» EXERCISE DESCRIPTION:
An exact transcript of every entry is required, without any of the pictures.

[Data extracted from a collection]
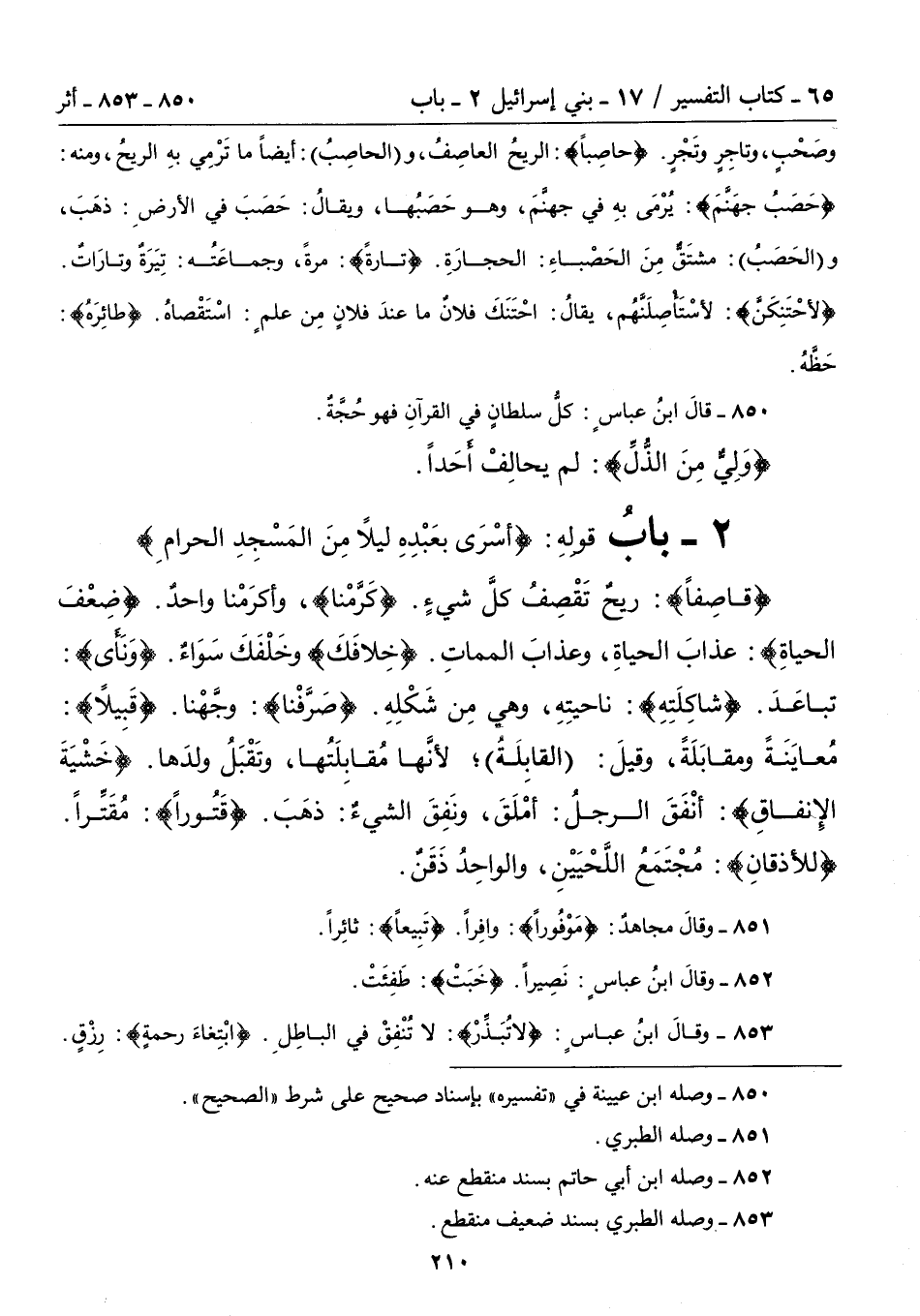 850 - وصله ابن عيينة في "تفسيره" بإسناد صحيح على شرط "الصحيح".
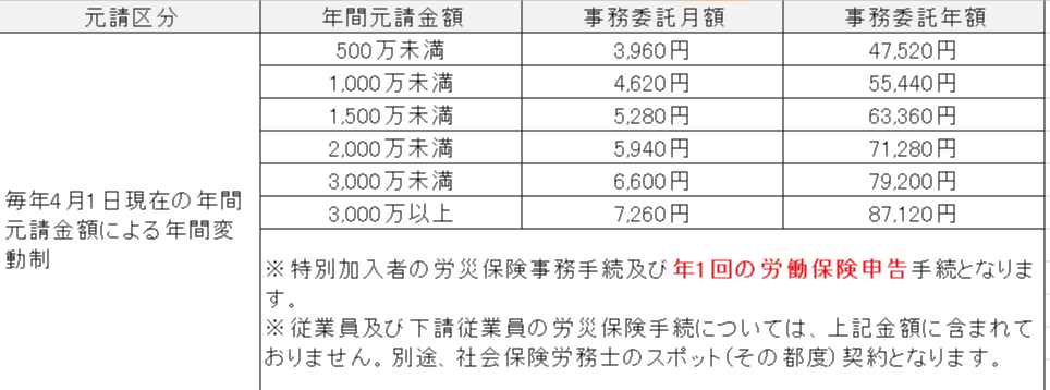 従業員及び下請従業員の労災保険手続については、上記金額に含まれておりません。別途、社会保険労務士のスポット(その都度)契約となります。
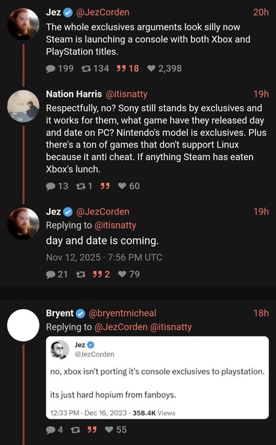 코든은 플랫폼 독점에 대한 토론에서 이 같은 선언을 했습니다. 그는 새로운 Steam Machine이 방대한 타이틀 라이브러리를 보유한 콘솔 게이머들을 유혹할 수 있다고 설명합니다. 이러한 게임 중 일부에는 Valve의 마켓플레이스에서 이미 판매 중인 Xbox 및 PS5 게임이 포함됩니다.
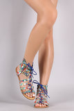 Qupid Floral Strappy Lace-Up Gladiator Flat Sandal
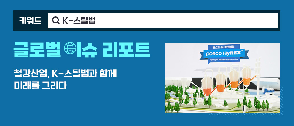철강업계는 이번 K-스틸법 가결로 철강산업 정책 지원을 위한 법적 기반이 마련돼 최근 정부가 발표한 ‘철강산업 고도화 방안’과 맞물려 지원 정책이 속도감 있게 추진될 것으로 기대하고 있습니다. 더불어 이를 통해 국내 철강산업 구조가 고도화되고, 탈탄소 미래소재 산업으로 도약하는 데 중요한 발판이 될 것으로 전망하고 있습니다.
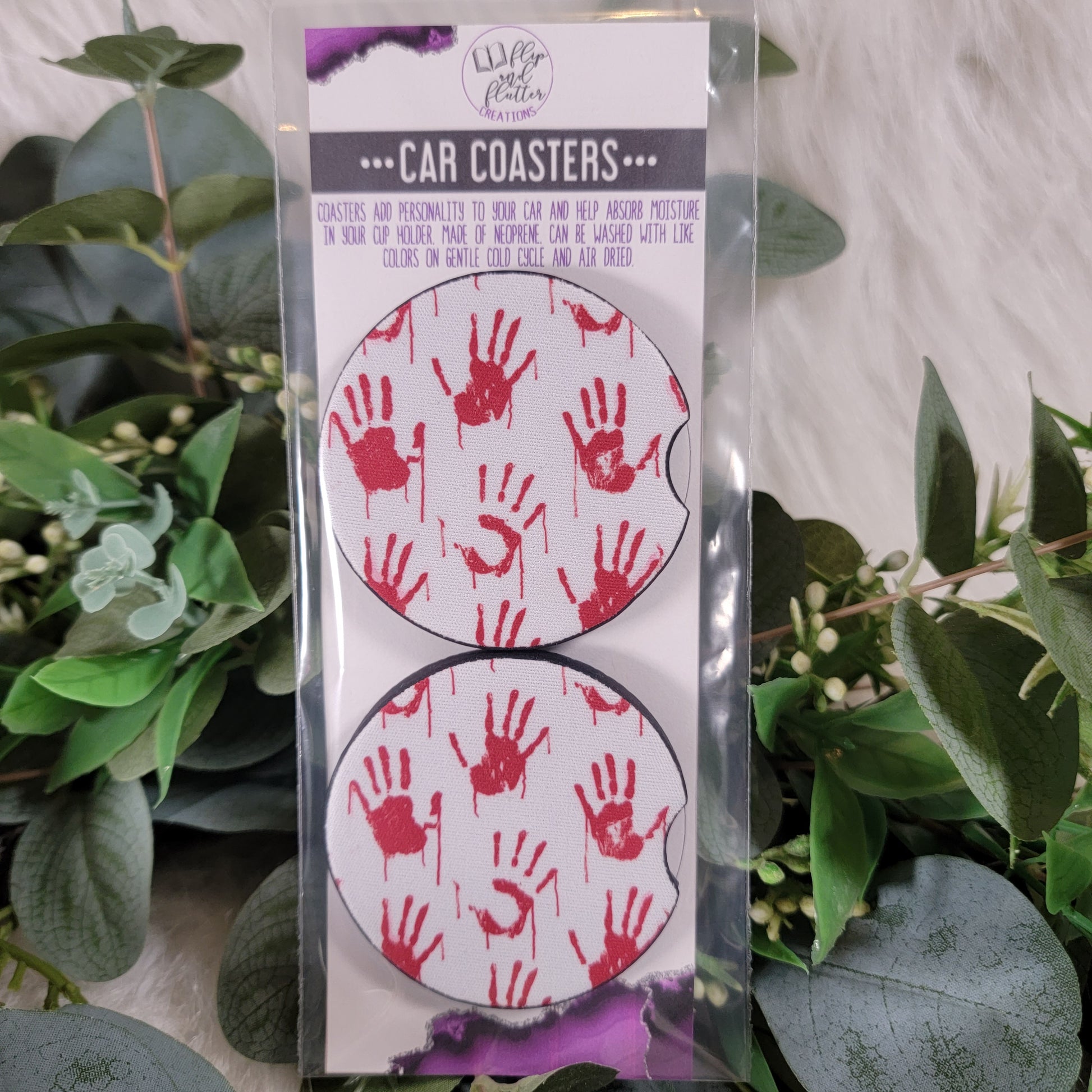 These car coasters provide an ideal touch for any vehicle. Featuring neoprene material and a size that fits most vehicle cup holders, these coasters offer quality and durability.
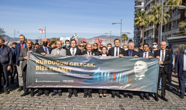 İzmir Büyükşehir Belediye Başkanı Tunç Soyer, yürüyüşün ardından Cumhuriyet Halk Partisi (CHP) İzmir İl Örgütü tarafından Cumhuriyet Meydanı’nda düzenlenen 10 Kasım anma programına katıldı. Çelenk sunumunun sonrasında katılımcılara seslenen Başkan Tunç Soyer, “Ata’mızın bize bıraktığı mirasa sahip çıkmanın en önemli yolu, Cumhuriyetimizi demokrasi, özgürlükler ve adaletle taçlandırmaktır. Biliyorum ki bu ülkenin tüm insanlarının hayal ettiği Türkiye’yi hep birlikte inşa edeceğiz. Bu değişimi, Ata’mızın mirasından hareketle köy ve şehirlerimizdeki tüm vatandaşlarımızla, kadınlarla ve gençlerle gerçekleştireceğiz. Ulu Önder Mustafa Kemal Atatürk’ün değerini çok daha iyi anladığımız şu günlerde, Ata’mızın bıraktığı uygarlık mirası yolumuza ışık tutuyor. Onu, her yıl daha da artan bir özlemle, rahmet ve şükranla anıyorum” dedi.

» RESPONSE TO THE EXERCISE:
 850 - وصله ابن عيينة في "تفسيره" بإسناد صحيح على شرط "الصحيح".
 従業員及び下請従業員の労災保険手続については、上記金額に含まれておりません。別途、社会保険労務士のスポット(その都度)契約となります。
 코든은 플랫폼 독점에 대한 토론에서 이 같은 선언을 했습니다. 그는 새로운 Steam Machine이 방대한 타이틀 라이브러리를 보유한 콘솔 게이머들을 유혹할 수 있다고 설명합니다. 이러한 게임 중 일부에는 Valve의 마켓플레이스에서 이미 판매 중인 Xbox 및 PS5 게임이 포함됩니다.
 Qupid Floral Strappy Lace-Up Gladiator Flat Sandal
철강업계는 이번 K-스틸법 가결로 철강산업 정책 지원을 위한 법적 기반이 마련돼 최근 정부가 발표한 ‘철강산업 고도화 방안’과 맞물려 지원 정책이 속도감 있게 추진될 것으로 기대하고 있습니다. 더불어 이를 통해 국내 철강산업 구조가 고도화되고, 탈탄소 미래소재 산업으로 도약하는 데 중요한 발판이 될 것으로 전망하고 있습니다.
 These car coasters provide an ideal touch for any vehicle. Featuring neoprene material and a size that fits most vehicle cup holders, these coasters offer quality and durability.
 İzmir Büyükşehir Belediye Başkanı Tunç Soyer, yürüyüşün ardından Cumhuriyet Halk Partisi (CHP) İzmir İl Örgütü tarafından Cumhuriyet Meydanı’nda düzenlenen 10 Kasım anma programına katıldı. Çelenk sunumunun sonrasında katılımcılara seslenen Başkan Tunç Soyer, “Ata’mızın bize bıraktığı mirasa sahip çıkmanın en önemli yolu, Cumhuriyetimizi demokrasi, özgürlükler ve adaletle taçlandırmaktır. Biliyorum ki bu ülkenin tüm insanlarının hayal ettiği Türkiye’yi hep birlikte inşa edeceğiz. Bu değişimi, Ata’mızın mirasından hareketle köy ve şehirlerimizdeki tüm vatandaşlarımızla, kadınlarla ve gençlerle gerçekleştireceğiz. Ulu Önder Mustafa Kemal Atatürk’ün değerini çok daha iyi anladığımız şu günlerde, Ata’mızın bıraktığı uygarlık mirası yolumuza ışık tutuyor. Onu, her yıl daha da artan bir özlemle, rahmet ve şükranla anıyorum” dedi.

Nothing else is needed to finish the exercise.